Al. Jerozolimskie 134
02-305 Warsaw
Poland

Manufacturer
KabiPac bottles
Fresenius Kabi Polska Sp. z o.o.
ul. Sienkiewicza 25
99-300 Kutno
Poland

free flex bags
HP Halden Pharma AS
Svinesundsveien 80
1788 Halden
Norway

For further information, please contact the Marketing Authorisation Holder:
Fresenius Kabi Polska Sp. z o.o.
Al.

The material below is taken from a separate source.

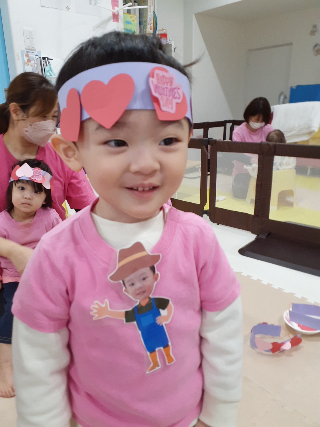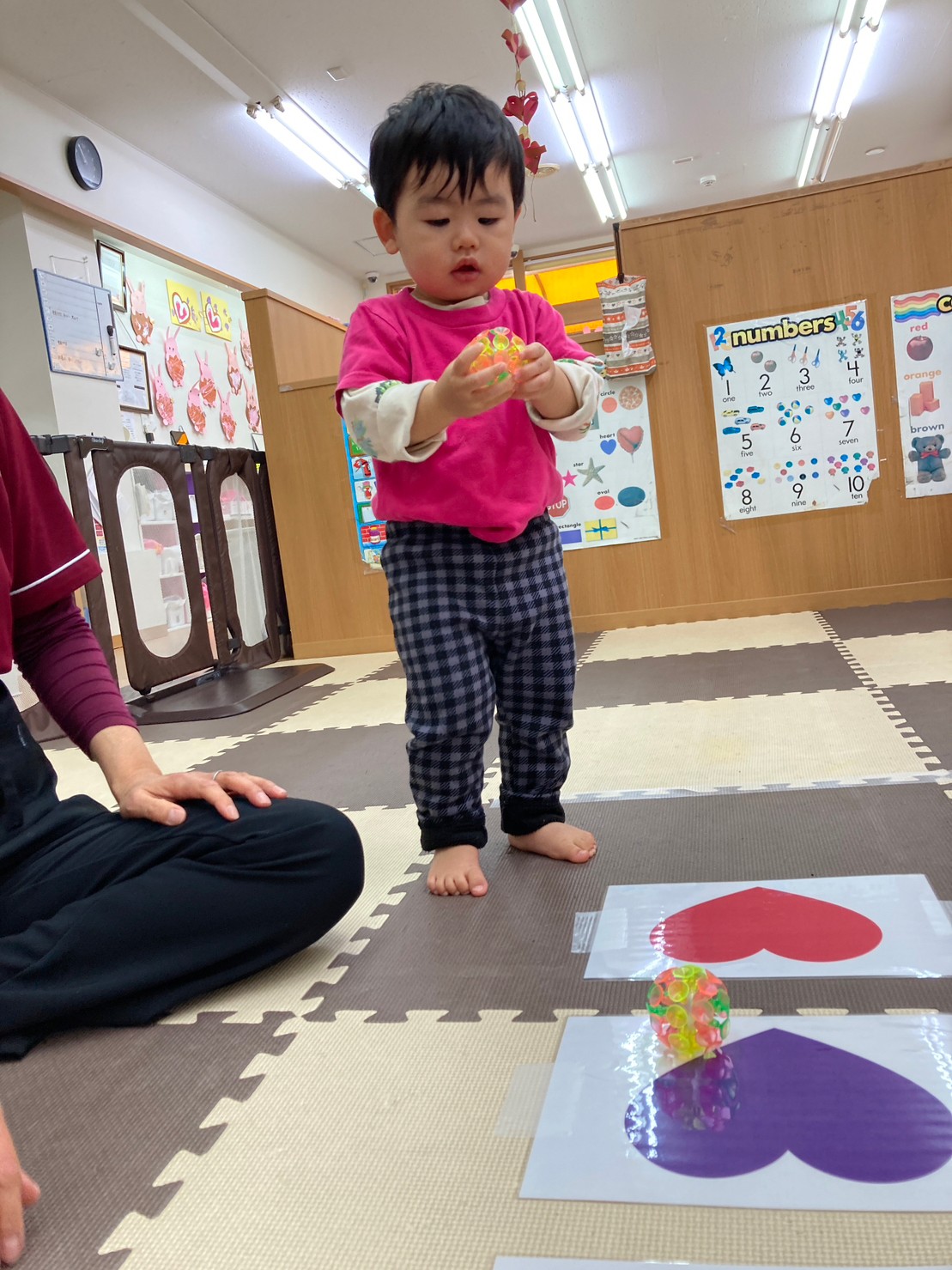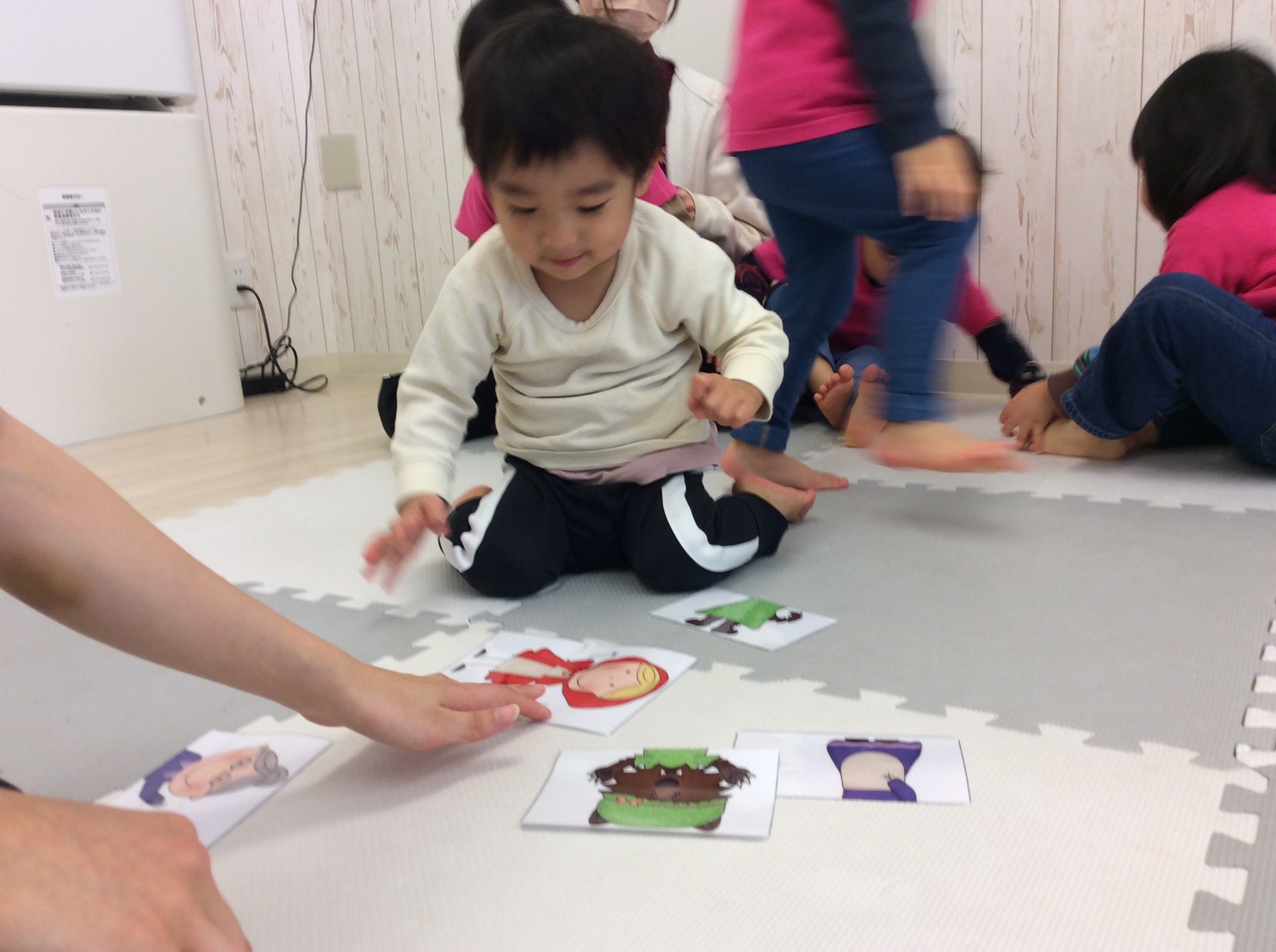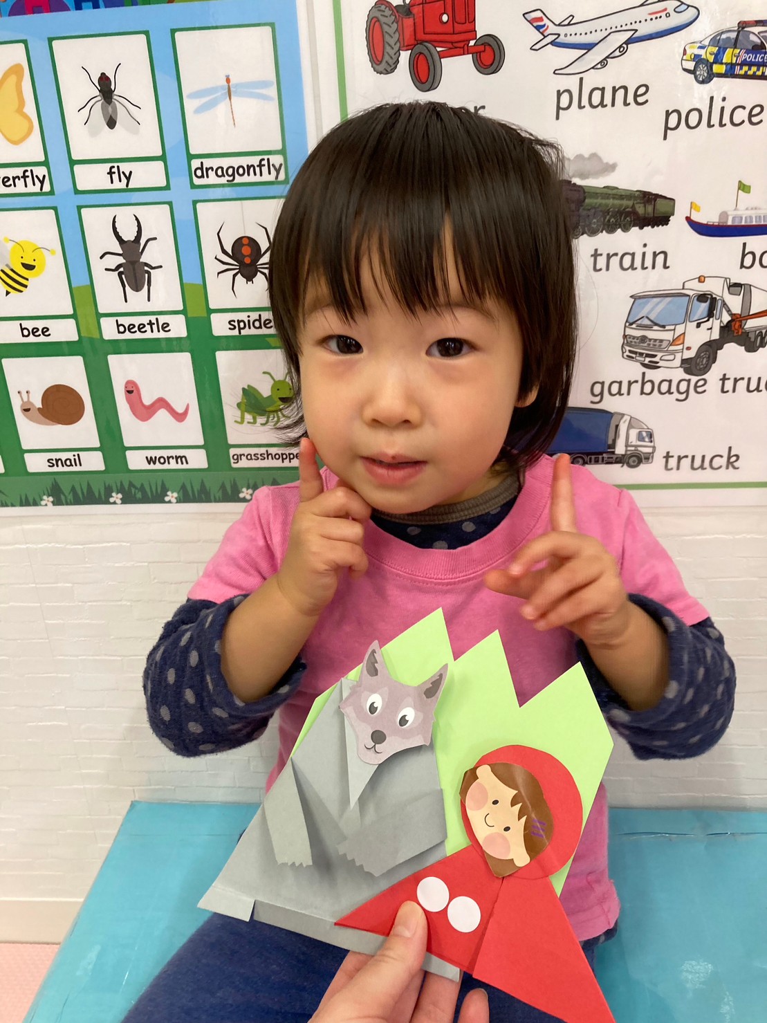 他にはハートに吸盤のボールを当てるHeart shooting game、赤ずきんのパズル、うさぎとカメ競争など、お話しに出てくるキャラクターの真似をして楽しく遊びました。

Jerozolimskie 134
02-305 Warsaw
Poland
Tel.: +48 22 345 67 89

This medicinal product is authorised in the European Economic Area countries under the following names:
Austria Moxifloxacin Kabi 400 mg Infusionslösung
Belgium Moxifloxacine Fresenius Kabi 400 mg/250 ml oplossing voor infusie
Bulgaria Моксифлоксацин Каби 400 mg/250 ml инфузионен разтвор
Croatia Moxifloxacin Kabi 400 mg/250 ml otopina za infuziju
Czech Republic Moxifloxacin Kabi 400 mg/250 ml infuzní roztok
Denmark Moxifloxacin Fresenius Kabi
Finland Moxifloxacin Fresenius Kabi 400 mg/250 ml infuusioneste, liuos
Spain Moxifloxacino Kabi 400 mg/250 ml solución para perfusión
Netherlands Moxifloxacine Fresenius Kabi 400 mg/250 ml oplossing voor infusie
Ireland Moxifloxacin 400 mg/250 ml solution for infusion
Luxembourg Moxifloxacin Kabi 400 mg/250 ml solution pour perfusion
Germany Moxifloxacin Kabi 400 mg Infusionslösung
Poland Moxifloxacin Kabi
Romania Moxifloxacina Kabi 400 mg/250 ml soluţie perfuzabilă
Slovakia Moxifloxacin Kabi 400 mg/250 ml infúzny roztok
Slovenia Moksifloksacin Kabi 400 mg/250 ml raztopina za infundiranje
Sweden Moxifloxacin Fresenius Kabi 400 mg/250 ml, infusionsvätska, lösning
Hungary Moxifloxacin Kabi 400 mg/250 ml oldatos infúzió

Information intended exclusively for medical professionals:

Moxifloxacin Kabi may be administered through a three-way stopcock together with the following solutions:
Water for Injections, 0.9% sodium chloride solution, 5% and 10% glucose solution, Ringer's solution,
compound sodium lactate solution (Hartmann's solution, Ringer's solution with lactate).
Moxifloxacin Kabi must not be administered simultaneously with other medicinal products.
The following solutions have been shown to be incompatible with moxifloxacin infusion solution:
­ 10% and 20% sodium chloride solutions;
­ 4.2% and 8.4% sodium bicarbonate solutions.